Graphic: RFDS patient Alex Lawrie
As a helicopter pilot flying tourists around the Red Centre, Alex Lawrie was living the dream.
He felt nothing but exhilaration every time he flew above the rich landscapes of Central Australia, sharing the spectacular views with groups of wide-eyed travellers.
The then 32-year-old was just months into his dream job, when an afternoon scenic flight went horribly wrong. Seconds after taking off, an emergency warning went off, alerting Alex the chopper was losing power and there was a problem with the engine.
“That day, we knew we had a big group of 300 passengers coming in for a flight, so everyone was excited and looking forward to that. It was a perfect day for flying and we had all the engines ready to go,” he said.

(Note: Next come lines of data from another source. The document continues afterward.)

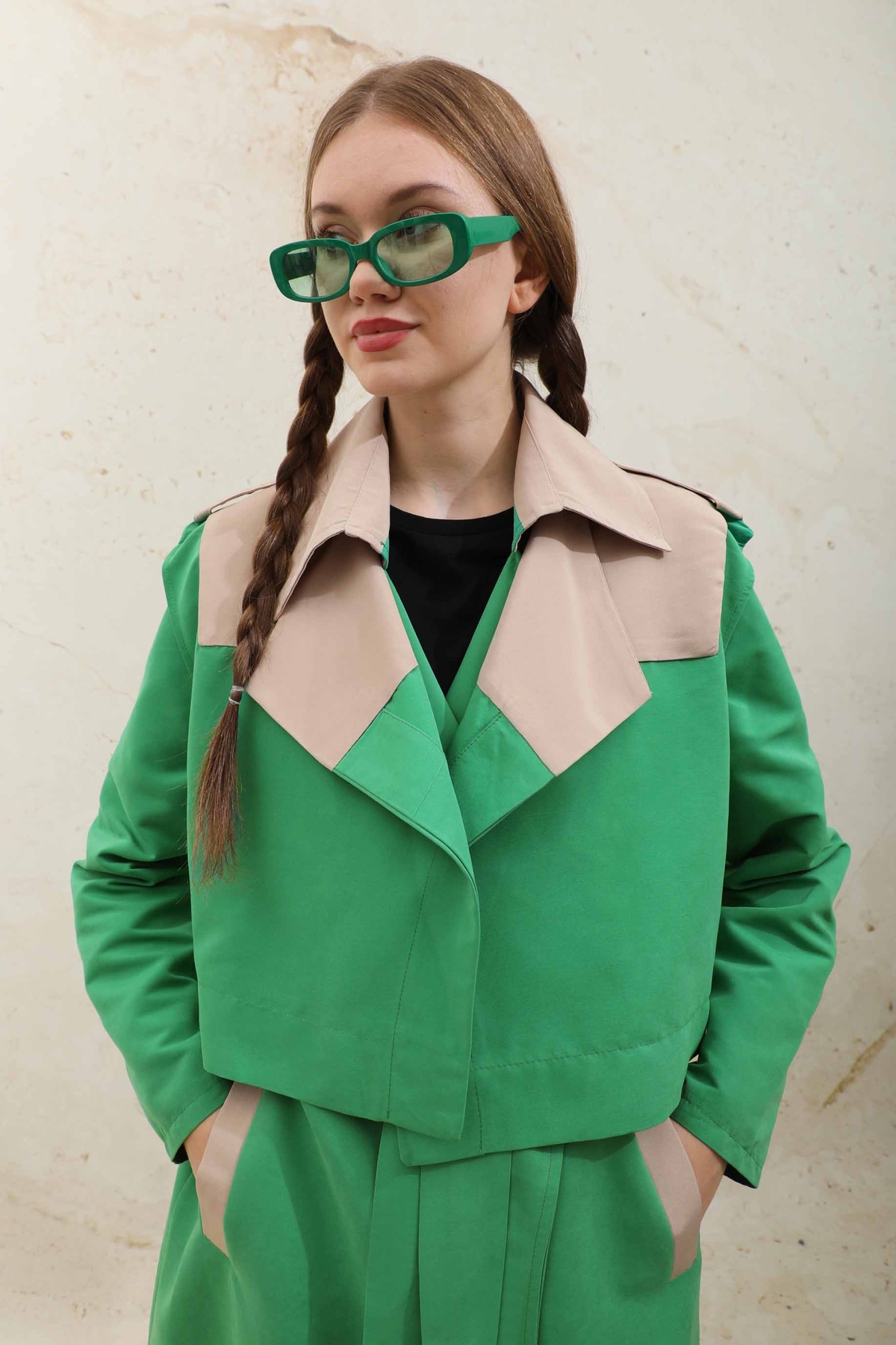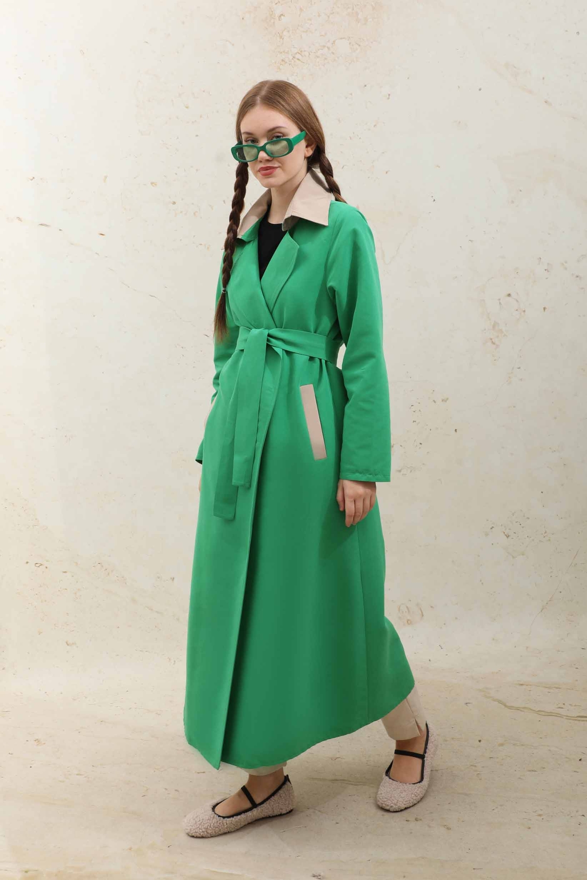 Yelekli Trençkot Yeşil. İngiliz yaka olup seyyar kuşaklıdır.Yeleklidir. İsteğe bağlı yelek ve treç ayrı olarak kullanılabilir. Trençkot belden kuşaklıdır ve cep detaylıdır. Ürün astarsızdır.
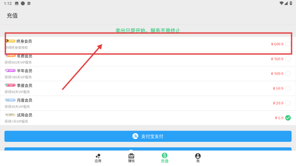 2、进入充值界面,挑选如终身会员之类的套餐,点击相应选项,利用支付宝完成支付以开通服务。
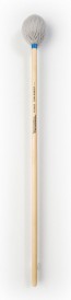 The Tom Rarick Series marimba mallets feature large round cores wrapped with a light grey synthetic wool-blend yarn, while the vibraphone mallets have cord-wrapped large mushroom shaped cores.
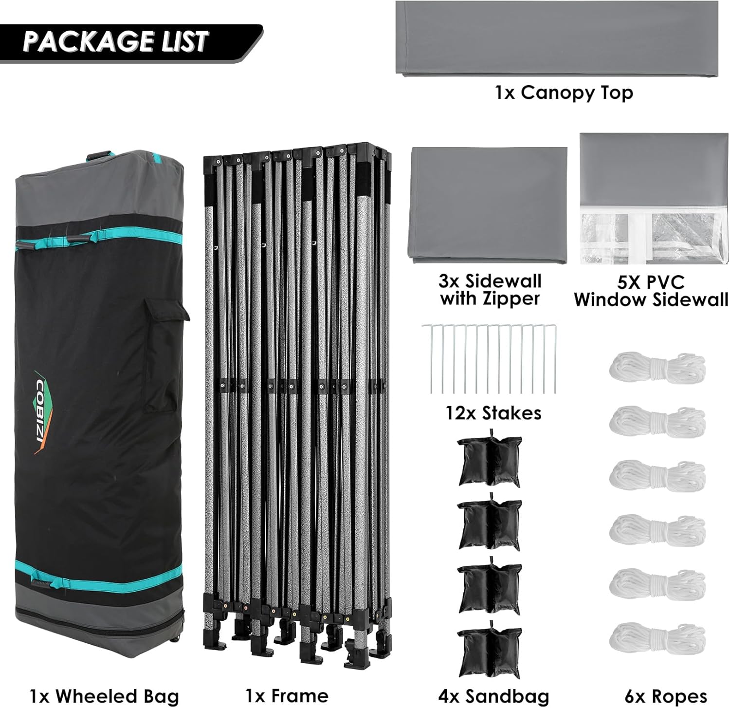 COBIZI 10×30 Pop up Canopy Tent 10×30 Canopy with Sidewalls, Heavy Duty Party Tent Tents for Parties, Foldable UPF 50+ Waterproof Commercial Ez up Canopy with Roller Bag, Grey(Windproof Upgraded)
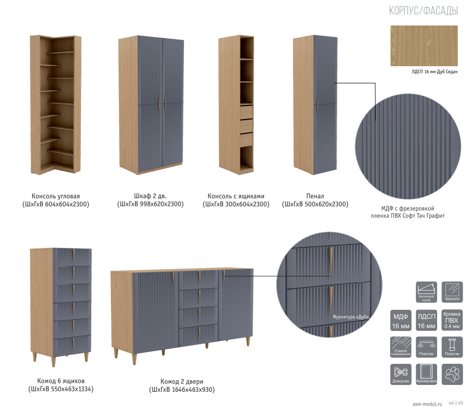 - Спальня Калипсо Дуб седан/Графит

“I took off on my second last flight for the day and within 30 seconds the helicopter stopped producing enough power to keep us in the air.”
Without enough height to be able to glide back down, the chopper crashed into a sand dune.
All aboard the helicopter thankfully survived the impact. But for Alex, the worst was yet to come.
“After we crashed, I remember I was hanging upside down from my seatbelt. That was the only pain I could feel,” he said.
“I tried to undo my seatbelt, but I couldn’t. So, I tried to stand up to take the pain off my waist but I wasn’t able to do that.”
Local first responders rushed to the scene to stabilise the patients and Alex was loaded onto a helicopter bound for the closest clinic, Yulara Health Centre, to meet the RFDS, who had been alerted and tasked from its Alice Springs Base.
The RFDS crew with a specialist from the Medical Retrieval Consultation Centre (MRaCC) took as much equipment as the aircraft could carry, allowing for every eventuality, due to the violent nature of helicopter crashes and likelihood of spinal injuries.
On arrival, Alex was assessed by the team, who did an ultrasound to check for internal damage, stabilised him and safely immobilised him, before he was safely airlifted to Adelaide for further treatment.
“The RFDS crew was excellent, very professional, very calming – it was just comforting to know that they were there to support me in this terrible time.
“At no point did I feel that I was as bad as what I was.”
Alex was taken to the Royal Adelaide Hospital, where he underwent X-rays and scans before going into surgery for seven hours. Emerging from the operating theatre with titanium rods holding up his spine, Alex was told that his 13th vertebra had been destroyed.
He received the devastating news that he would never walk again.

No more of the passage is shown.